Africa’s Food Processing Businesses and a Looming Food Security Crisis
Food processors are an essential part of the food system in Africa, providing safe, shelf-stable food to consumers and a reliable market for millions of smallholder farmers. But they are currently facing unprecedented challenges because of the COVID-19 pandemic. We talked to Brent Wibberley, TechnoServe’s director of food processing and nutrition, to learn how the food system in Africa is changing and what TechnoServe is doing to help food processors adapt.
The number of people experiencing acute hunger around the world is expected to nearly double by the end of 2020 due to the impact of the coronavirus pandemic. Food processors will be an increasingly important part of tackling this challenge. TechnoServe is working to support these processors to ensure that they are able to continue purchasing crops from farmers, creating jobs, and providing high-quality, nutritious food for consumers.
How has the food system in Africa changed in response to COVID-19?
The food system has seen dramatic changes in just a short amount of time because of the pandemic. The greatest initial disruption happened at the sales end, leading to knock-on effects throughout the entire food system. The service market has seen closures in the hospitality industry, such as hotels and restaurants. This has impacted the market for products like fresh milk. At the same time, consumer behavior has shifted, with increased demand for shelf-stable foods that store well and can be prepared at home. Not only are markets more volatile now, but efforts to adapt are being hampered by lockdowns, curfews, and restrictions on movement. Moreover, the majority of Africa’s population is still reliant on informal markets and traders — a system hit hard by these restrictions.

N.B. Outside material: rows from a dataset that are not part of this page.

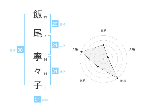 飯尾 寧々子さんの総格は51画の3点!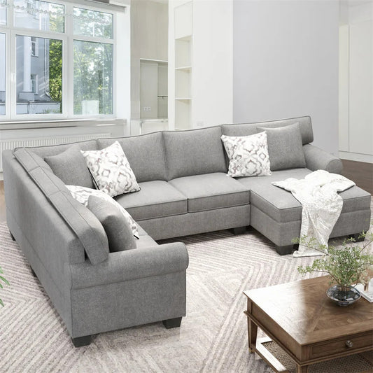 U Shape Sofa Set: 113" Wide Symmetrical Corner Sectional 7 Seater Sofa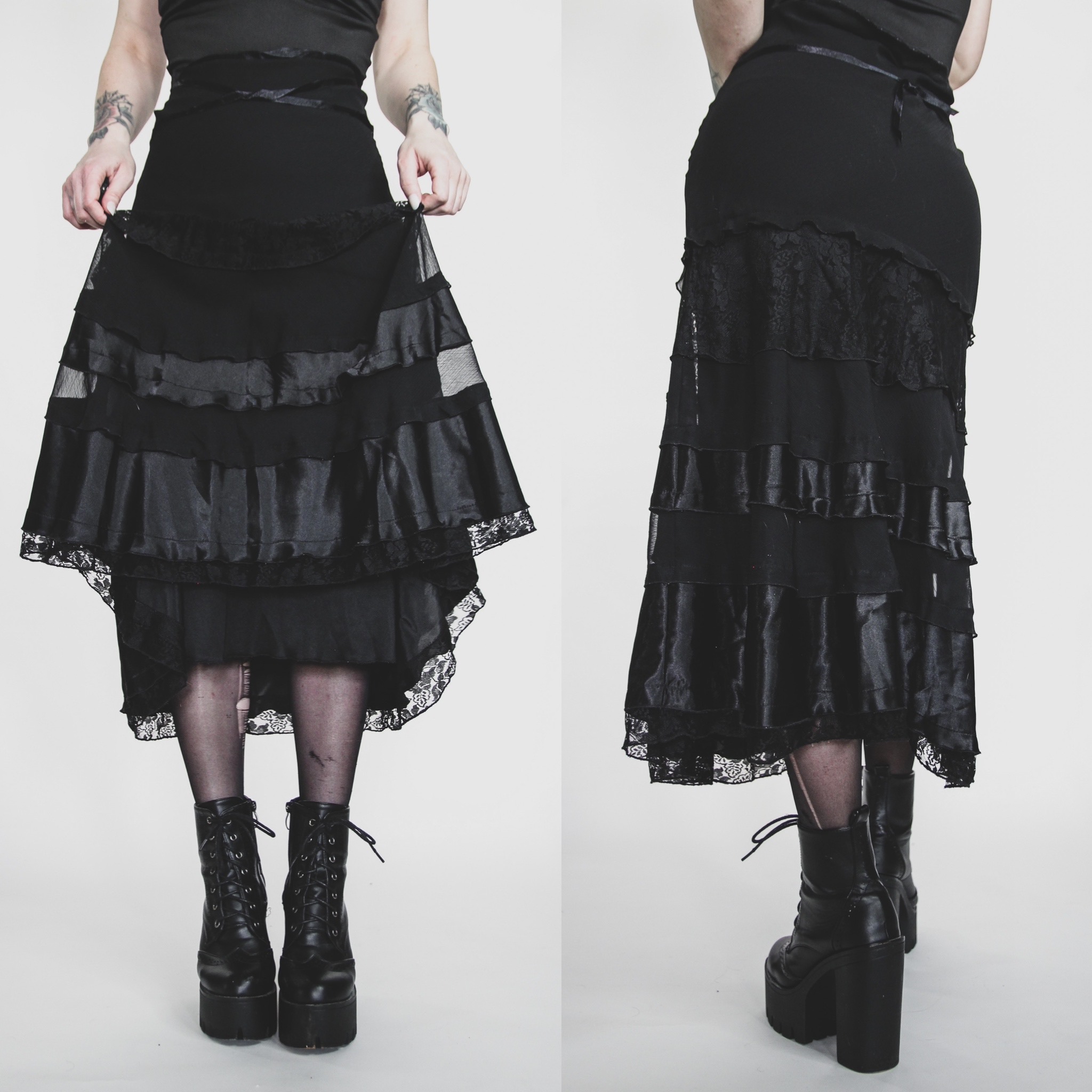 Vintage 90s Le Chateau tiered ruffle skirt - or is it a strapless dress? You decide! Foldover hidden elastic waistband. Removable looong satin ribbon tie belt - can be wrapped around the hips or tied in a bow. Flared A-line cut with tiered satin and lace ruffle accents. Main fabric is a textured semi-sheer poly chiffon. Fully lined in a separate layer of black poly. Pull-on style, no stretch other than the waist.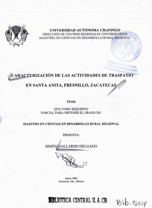 Caracterización de las actividades de traspatio en Santa Anita, Fresnillo, Zacatecas /por Simon Gallardo Delgado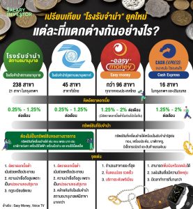 เปรียบเทียบ “โรงรับจำนำ”ยุคใหม่ แต่ละที่แตกต่างกันอย่างไร?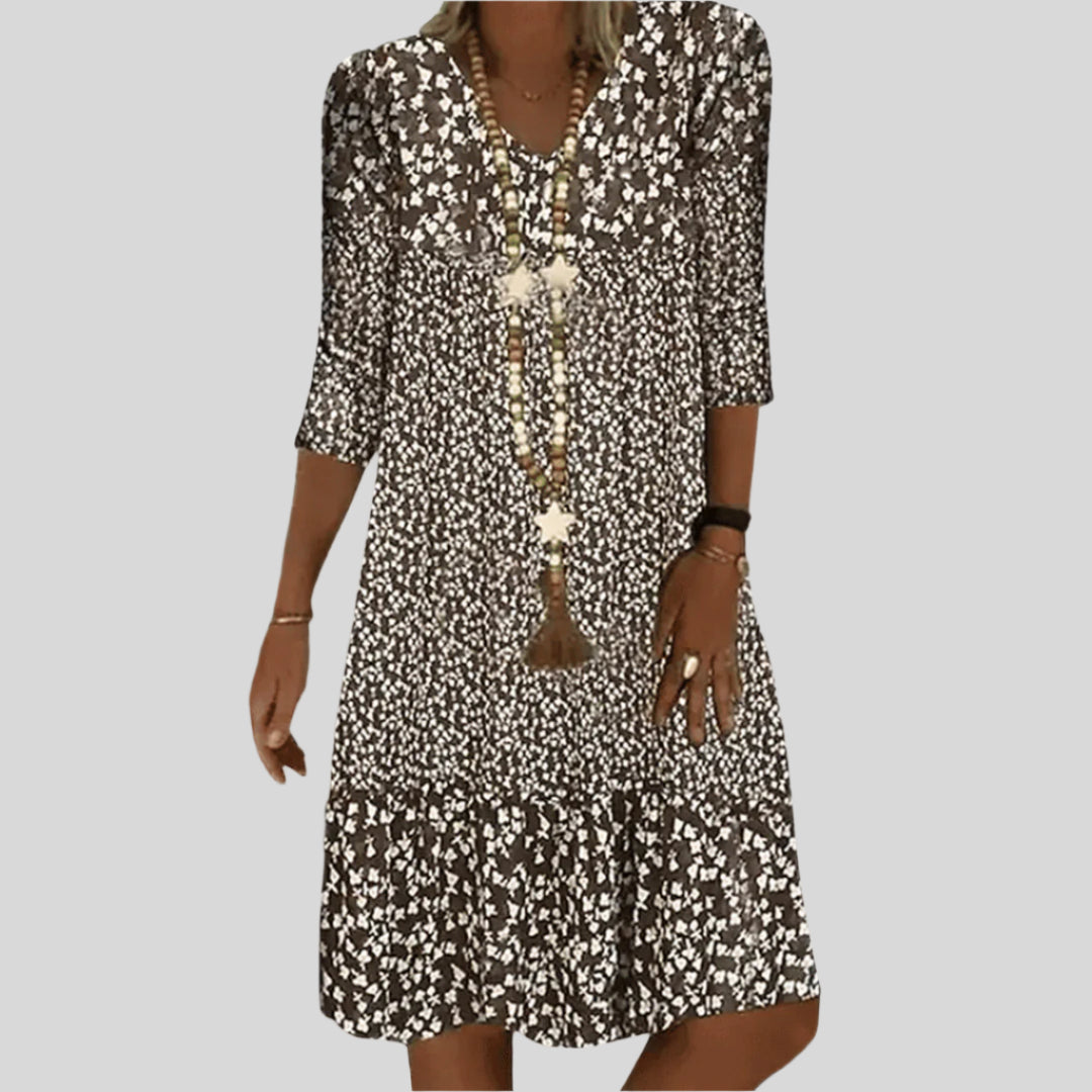Ta sukienka midi ma korzystny dekolt w kształcie litery V i elegancki krój. Dostępna w kilku kolorach, pasuje do różnych okazji. Jej ponadczasowy design zapewnia wyrafinowany wygląd.

Why is the work of food processors so important, especially right now?
Food processors are a vital link in value chains — providing markets for farm products and converting them into safe, packaged food that can be accessed by consumers. Food processors are also an essential step in the effort to improve nutrition. They are a natural bottleneck in the supply chain to remove contaminants and increase nutrition levels. This is especially important right now through the fortification of staple foods. As the economic effects of the pandemic worsen, we are likely to see less diversification in diets, and shoppers will favor the most amount of calories for their money. Ensuring staples are fortified with essential vitamins and minerals will go a long way in reducing micronutrient deficiency. Maintaining the flow of healthy, safe, shelf-stable, and transportable food is critical right now.
What are the biggest challenges food processors are facing?

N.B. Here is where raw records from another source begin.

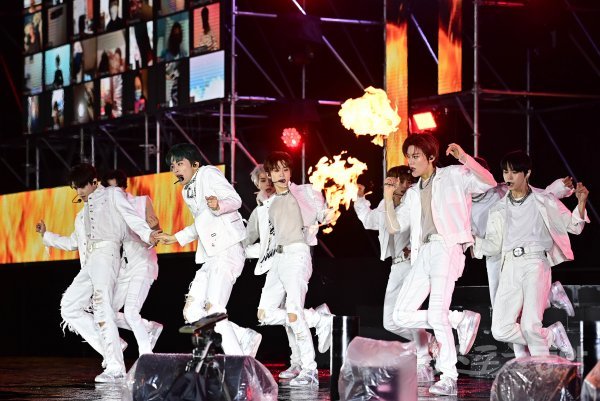 그룹 NCT127이 10일 서울 강남구 삼성동 코엑스에서 열린 ‘온택트 2021 강남페스티벌’ 영동대로 K-POP 콘서트에서 무대를 펼치고 있다.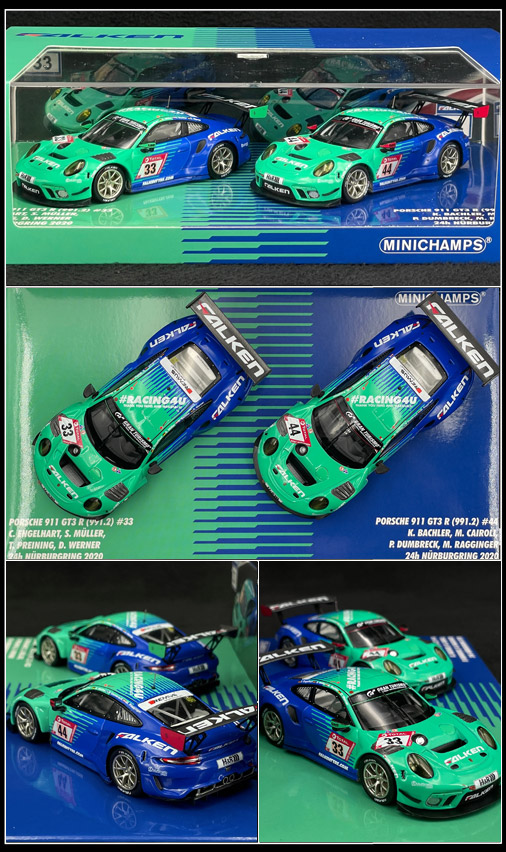 Set Porsche 911 GT3 R Falken n°33 & 44 24h Nürburgring 2020 - 1 : 43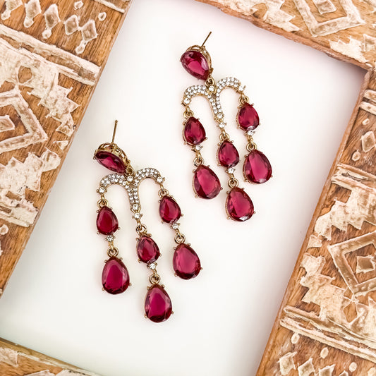 Sharon Chandelier Dangler Chandbali Earrings - Wine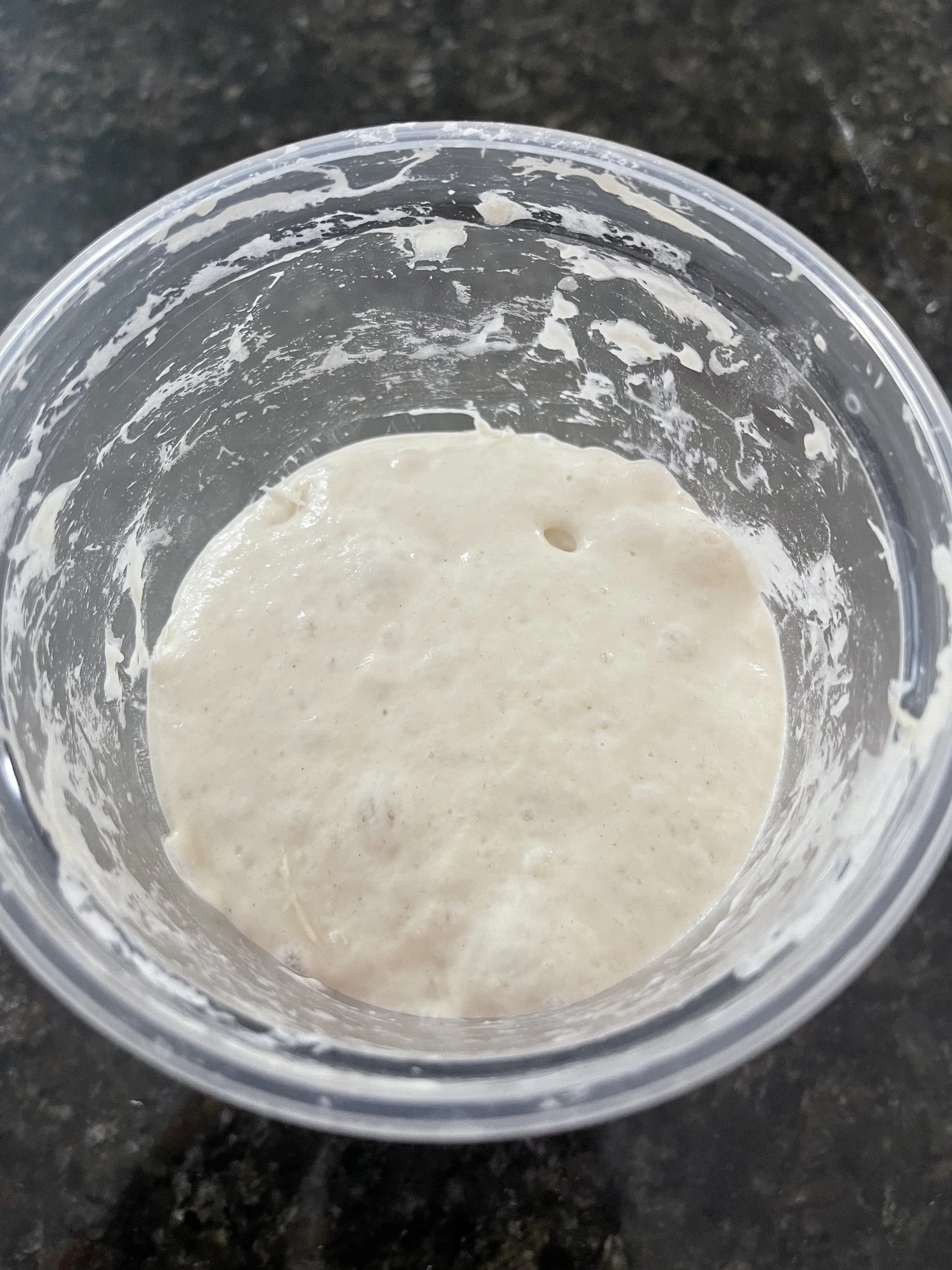 1:10:10 (Overnight Feed - slower rise) - 10 g starter, 100 g AP flour, 100 g water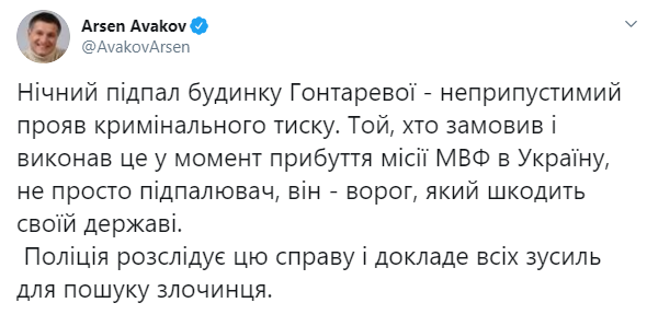 "Ночной поджог дома Гонтаревой - недопустимое проявление криминального давления. Тот, кто заказал и исполнил это в момент прибытия миссии МВФ в Украину, не просто поджигатель, он - враг, который вредит своему государству", - заявил министр.

Processors are facing many challenges, starting with volatility in the marketplace. Many markets are closed, while others are seeing significant spikes and troughs because of rapid shifts in consumer behavior. For example, one of the dairies we support in Kenya is producing less than 15% of its usual volumes of fresh milk because of reduced demand. Those lucky enough to have the equipment to process shelf-stable long-life UHT milk, on the other hand, are producing and selling to capacity.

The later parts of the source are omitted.